CTIA was joined in its anger by FreeSpace Communications who said it passed up the opportunity to promote wireless broadband.
“The FCC has adopted a set of rules that amount to a giveaway of valuable spectrum to the private-radio industry and for out-of-date technology. It has passed up the opportunity to advance its own stated policies of promoting innovative wireless-broadband technologies for consumers, service to under served communities, and open and fair auctions,” said Gregory Lawler, counsel to FreeSpace.
FreeSpace had aggressively lobbied the FCC and was seen as responsible for delaying the decision on who should be able to use the guard bands when the original rules were released two months ago.
The start-up Silicon Valley company has said it is developing a concept that will allow for high-speed wireless Internet access but that it does not have the spectrum it needs. FreeSpace said it could meet any technical restrictions placed on the guard bands. It does not believe it can participate in an auction for the other 30 megahertz being auctioned on May 10 because it cannot compete with the large players who are expected to participate at that time.
Public-safety users believe the FCC made the right decision in prohibiting cellular-type architectures.
“Allowing high density cellular-type operations in the guard bands would have greatly increased the potential for interference. Police officers, firefighters, and paramedics could have suddenly found themselves in communications `coverage holes’ that occur when portable and mobile radios are in close proximity to fixed cell sites transmitting from adjacent frequency bands,” said the Association of Public-Safety Communications Officials International Inc.
The Industrial Telecommunications Association said the “bold decision … demanded thinking outside of the box and they achieved the critical issue to protect public-safety.”
The timing of the auction is important, said Shark, noting that people need time to develop business plans using the guard-band concept.
“The sooner, the less people will participate. Put this off as long as possible so new players can develop business plans,” Shark said.
The FCC said the auction will occur sometime late spring or early summer, and that an exact date and proposals such as minimum bids is expected to be released this week.

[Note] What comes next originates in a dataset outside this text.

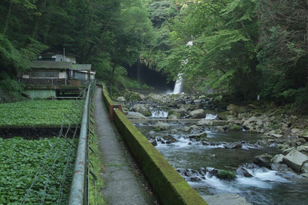 滝壺の下流には天城国際鱒釣場があり、マス釣りが楽しめたり、渓流沿いには天城名物のわさび田が続いており、わさび栽培風景を間近で見ることができます。
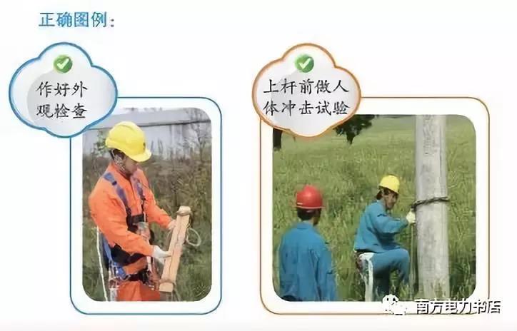(3)登桿時必須與安全帶配合使用以防登桿過程發(fā)生墜落事故。

A team created by AMTA’s board to study this issue plans to meet this week to evaluate the FCC rules. Likewise, PCIA-which last week announced a major reorganization-is also evaluating whether to enter the auction as a guard-band manager. ITA said that its intention is to participate as a guard-band manager but it still has lots of work to do.
“Getting favorable rules sets up the golf course but you still have to play it,” said ITA President Mark Crosby.
The spectrum, being made available with the transition to digital TV, is known as 60-69 because of its place on the TV dial. There is a total of 60 megahertz. Congress split the spectrum so that 24 megahertz is to be used for public-safety operations and 36 megahertz for “commercial” uses.
Since the 60-69 spectrum is considered “prime real estate” by the wireless industry, every sector tried to convince the FCC to give it a piece of the pie.
Proposals for use of the spectrum included everything from using all of it for third generation wireless to setting aside some spectrum for private wireless uses. The FCC said its decision to auction 30 megahertz will allow for commercial uses including 3G and fixed wireless while still protecting public safety.
Bidders in the May 10 auction for the 30 megahertz will be bidding for two licenses in six economic area licenses in the commercial band. One license will be a block of 20 megahertz of spectrum (a pair of 10 megahertz blocks), and one block of 10 megahertz (a pair of five megahertz blocks). The FCC will allow bidders in the auction to win both licenses in each area.
In addition to protecting public-safety operations, there are 100 broadcasters still in this band that the FCC says will need to be protected from interference until the transition to digital TV is complete.